Monday, June 26, 2017

Today we continue our discussion on system design. This time we cover Splunk. 1)      Splunk – Splunk is a scaleable time series database arranged as events in buckets – hot/warm, cold or thawed.  These are stored as index files together with some metadata. There are special buckets called introspection. The architecture consists of light weight forwarders, indexers and searchheads each with its own topology and built to scale. The forwarders are the collection agent that collect machine data from customer. The indexers receive the events and handle the bulk of the operations. The searchheads present analysis tools, charts and management interfaces.  Splunk has recently added analysis features based on machine learning. Previously most of the search features were based on unix like command operators that became quite popular and boosted Splunk’s adoption s as the IT tool of choice among other usages. There are a variety of charting tools and their frontend is based on beautiful Javascript while the middle tier is based on Django. The indexers are written in C++ and come with robust capabilities. It is important to note that their database unlike convention relational data or NoSQL was designed primarily for specific usages. If they moved their database to commodity or platform options in the public cloud, they can evolve their frontend to be not restricted to a single enterprise based instance or local host based instance and provide isolated cloud based storage per customer on a subscription basis and Splunk as a cloud and browser based service.

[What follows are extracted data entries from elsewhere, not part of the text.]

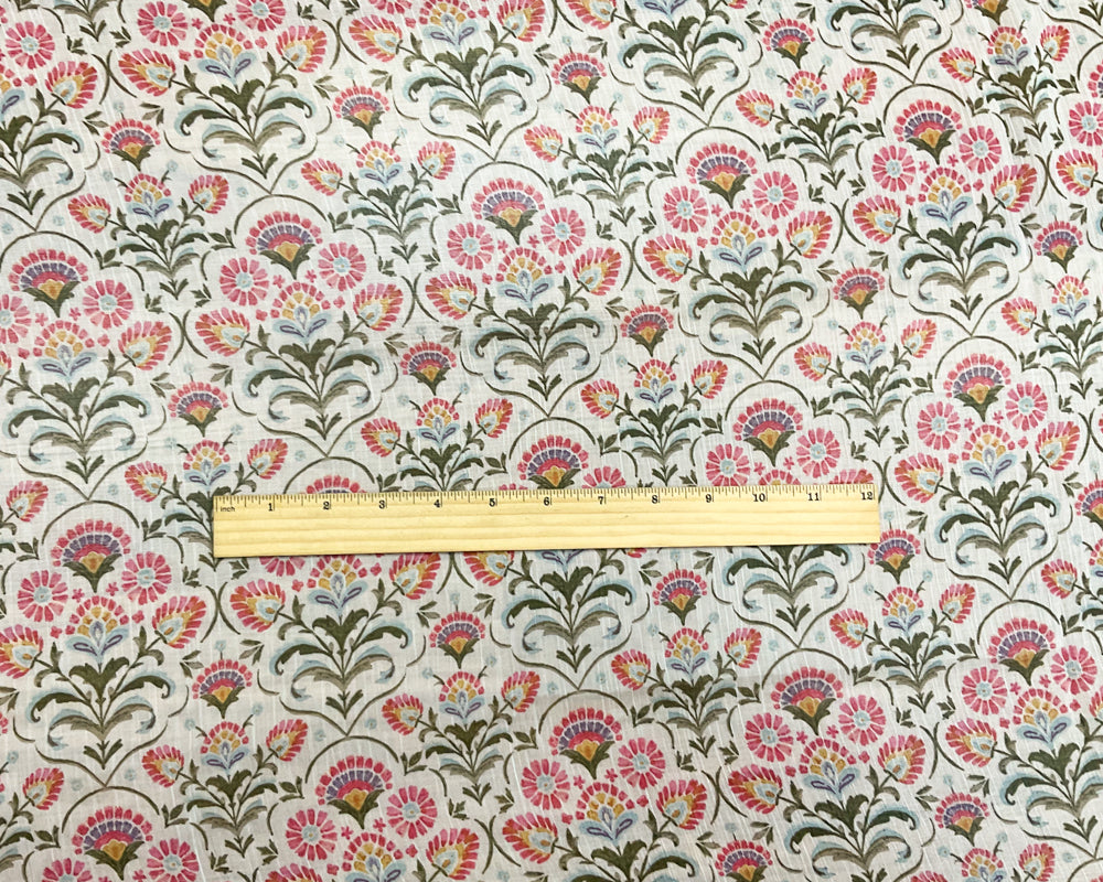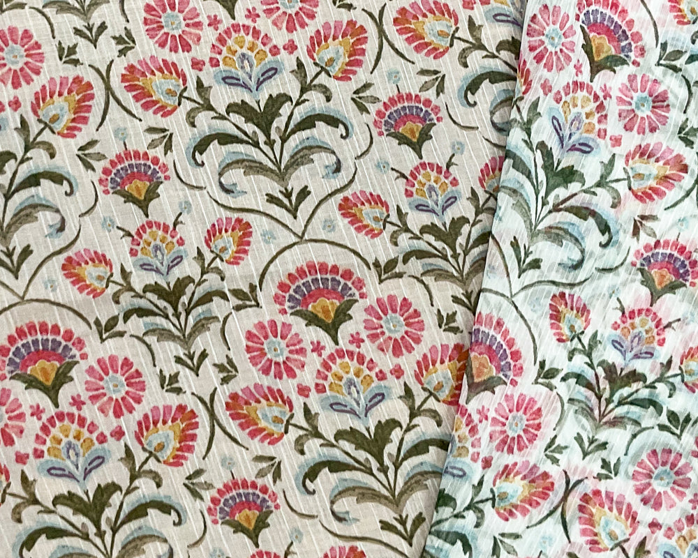 -White-Green-Multi Poly Floral Printed Crinkle Yoryu Chiffon Woven Fabric
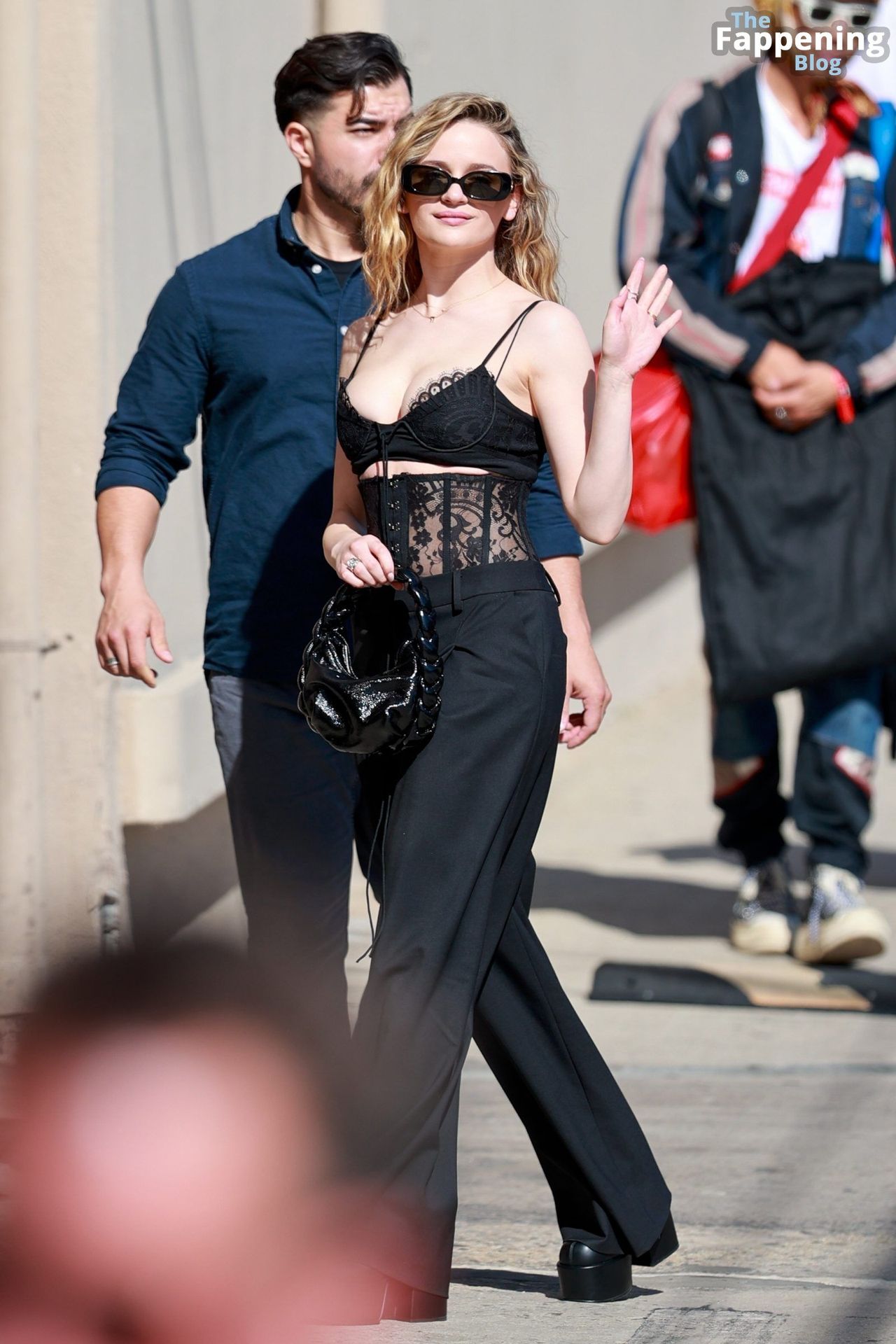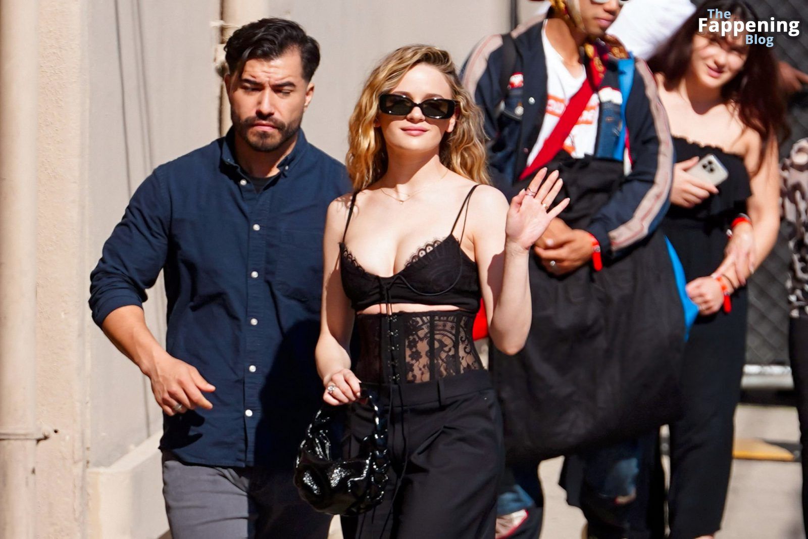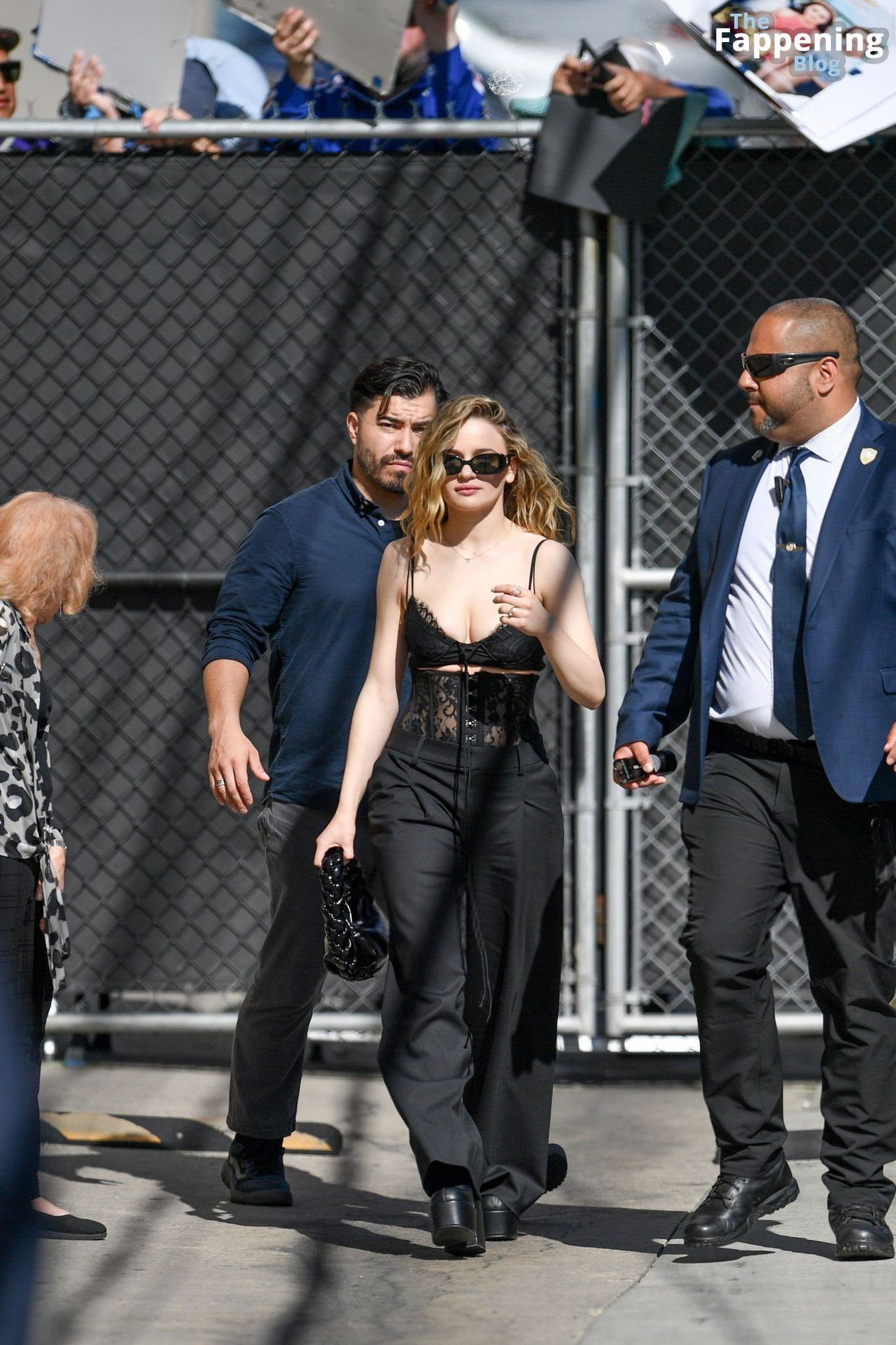 Echa un vistazo al impresionante escote de Joey King mientras llega a Jimmy Kimmel Live.
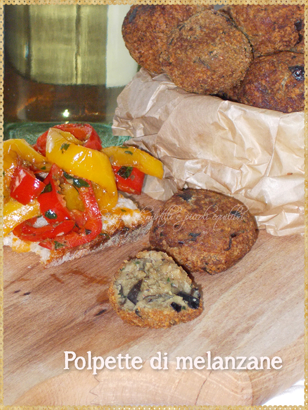 Le polpette di melanzane sono per me una tira l’altra; le ho accompagnate con i peperoni alla napoletana adagiati su pane leggermente bruscato.
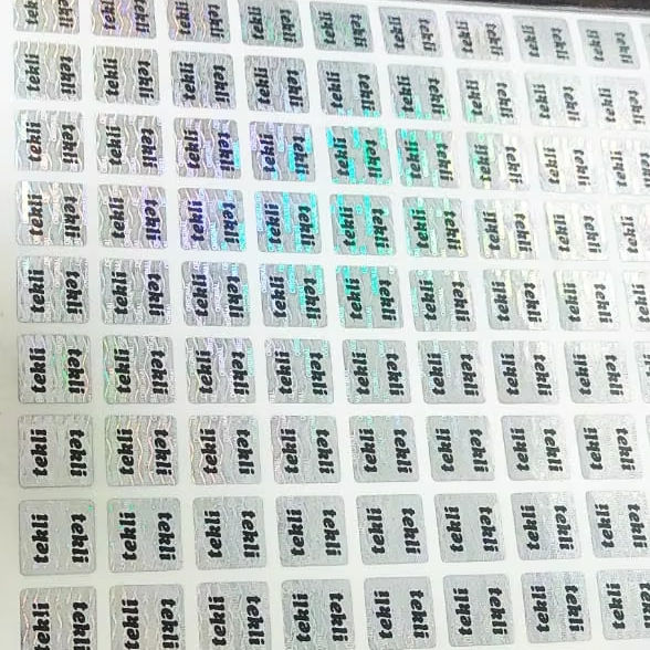 สติกเกอร์โฮโลแกรม PET สีเงิน ป้องกันการปลอมแปลง ทนทาน กันน้ำ พิมพ์ด้วยความร้อน เป็นมิตรกับสิ่งแวดล้อม พร้อมบาร์โค้ด
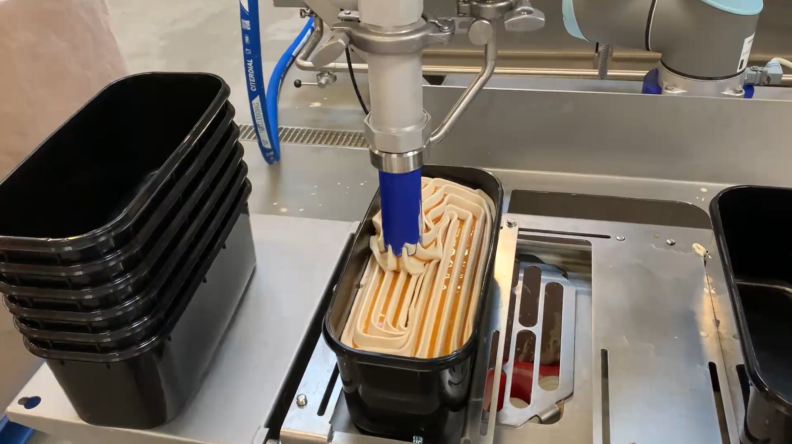 解决痛点:餐饮渠道的盒装冰淇淋,手动灌装劳动强度大,效率有限,花型不统一。
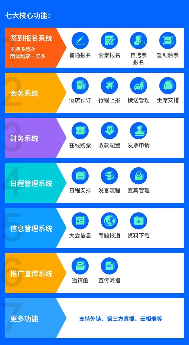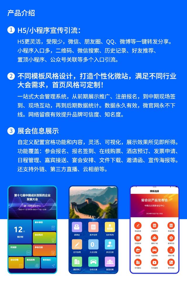 · 微站集成:一站式报名、信息展示(概况、日程、嘉宾、展品),支持发票申请,提升宣传效果。
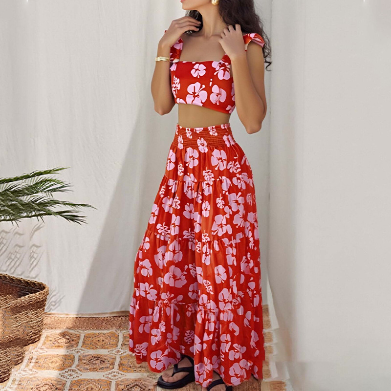 2025 봄 신작 유럽과 미국 아마존 통근 중간 허리 섹시한 서스펜더 스커트 패션 정장 여성 투피스 세트
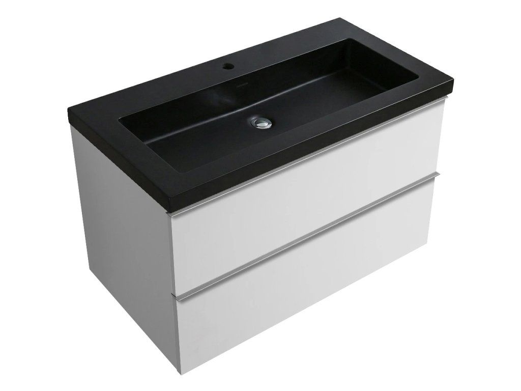 CERANO - Koupelnová skříňka Velora - černá matná - úchytka chromová + umyvadlo z lit. Mramoru Ovo - bílá matná - 79x53x46 cm
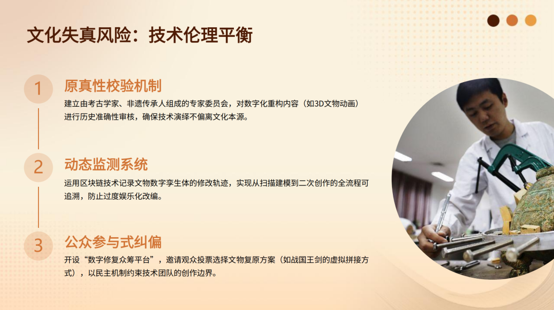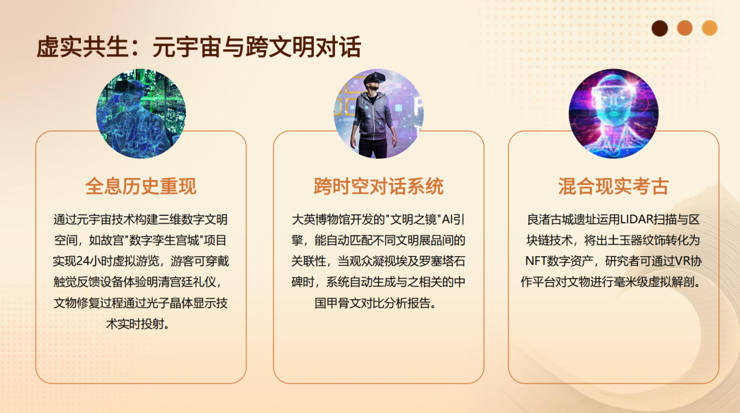 数字孪生博物馆 :游客可通过脑机接口进入虚拟博物馆,在元宇宙中亲手“修复”破损文物。AI算法根据用户操作生成修复方案,优秀作品可获得实体文物修复的参与资格。
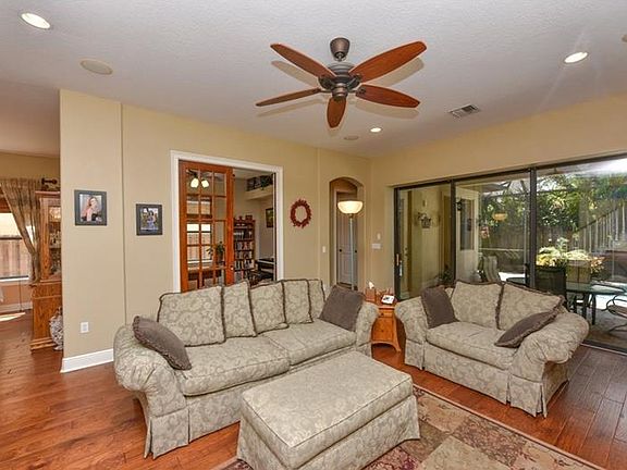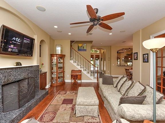 This gorgeous custom residence is in immaculate condition and offers a spacious floor plan that is ideal for entertaining. As you drive into this private gated neighborhood you will appreciate the paver drive & tile roof of this beautifully landscaped home located within 7 minutes from Siesta Key Beach. From the moment, you step through the front door, you will notice a fine array of upgrades throughout the home including hand-scraped hardwood floors, designer built in niches, wood burning fireplace, arched walkways, built-in wood cabinets, tray ceilings with crown molding, designer fixtures and fans. The chef of the home will love this well-appointed kitchen, featuring rich cherry wood cabinetry, granite, stainless appliances, a stylish tile backslash, island, breakfast bar and a charming dinette area that is perfect for enjoying your morning coffee. The great room features a built-in media center with surround sound and sliding glass doors that showcase the tropical backyard. There is a den/study with French glass doors and wood floors. A stately Owner's master suite with tray ceiling also has his and hers closets, stone tile detail in shower, cherry wood vanities & framed mirrors. Relax outdoors on the screened lanai complete with outdoor kitchen, heated salt water pool & spa w/paver deck, landscaped perfectly for privacy and poolside entertaining. Other features: large upstairs bonus room, 3.5 car garage with fantastic storage and workbench, 10' ceiling, newer pool motor & heat pump.
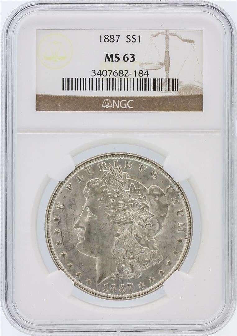One 1887 NGC MS63 Morgan Silver Dollar.
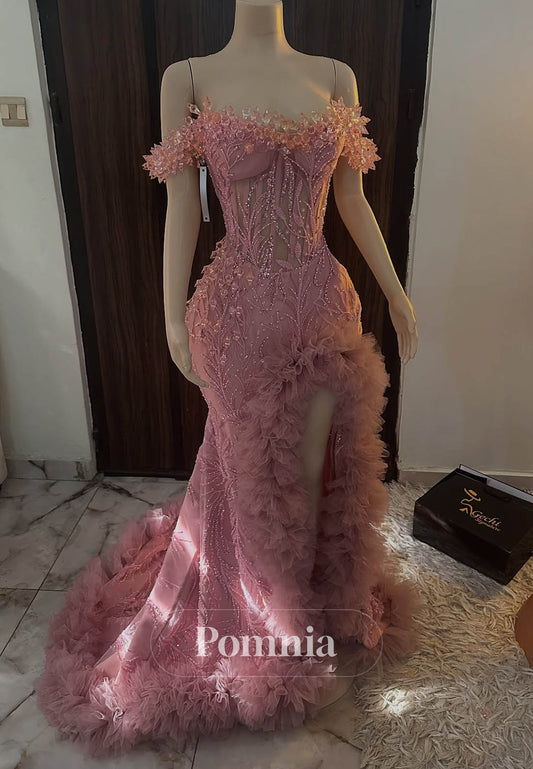 Off The Shoulder Sleeveless Long Mermaid Prom Dress With Split
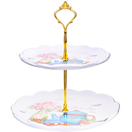 Красочная конфетница LORAINE, выполненная из высококачественной керамики, сочетает в себе классический дизайн с максимальной функциональностью. Конфетница состоит из 2-х ярусов разного размера и предназначена для красивой сервировки конфет, фруктов и десертов. Круглые ярусы конфетницы имеют волнистые края. Стойка-держатель конфетницы выполнена из металла с золотым напылением. Высота конфетницы в собранном виде составляет около 28 см. Элегантная конфетница LORAINE украсит сервировку Вашего стола и подчеркнет прекрасный вкус хозяйки, а также станет отличным подарком. Изделие упаковано в индивидуальную коробку. Подходит для использования в холодильнике, посудомоечной машине.

Next, we cover Consistent Hashing – This is a notion that is quietly finding its way into several distributed systems and services. Initially we had a cache that was distributed among n servers as hash(o) modulo n. This had the nasty side-effect that when one or more servers went down or were added into the pool, all the objects in the cache would lose their hash because the variable n changed. Instead consistent hashing came up with the scheme of accommodating new servers and taking old servers offline by arranging the hashes around a circle with cache points.  When a cache is removed or added, the objects with hashes along the circle are moved clockwise to the next cache point. It also introduced “virtual nodes” which are replicas of cache points in the circle. Since the caches may have non-uniform distribution of objects across caches, the virtual nodes have replicas of objects from a number of cache points.
Public class ConsistentHash<T>{
Private SortedDictionary<Int, T> circle = new SortedDictionary<Int, T>(); // Usually a TreeMap is used which keeps the keys sorted even with duplicates.
Since a number of replicas are maintained, the replica number may be added to the string representation of the object before it is hashed.  A good example is memcached which uses consistent hashing.
#codingexercise
Find if there is a subset of numbers in a given integer array that when AND with the given number results in Zero.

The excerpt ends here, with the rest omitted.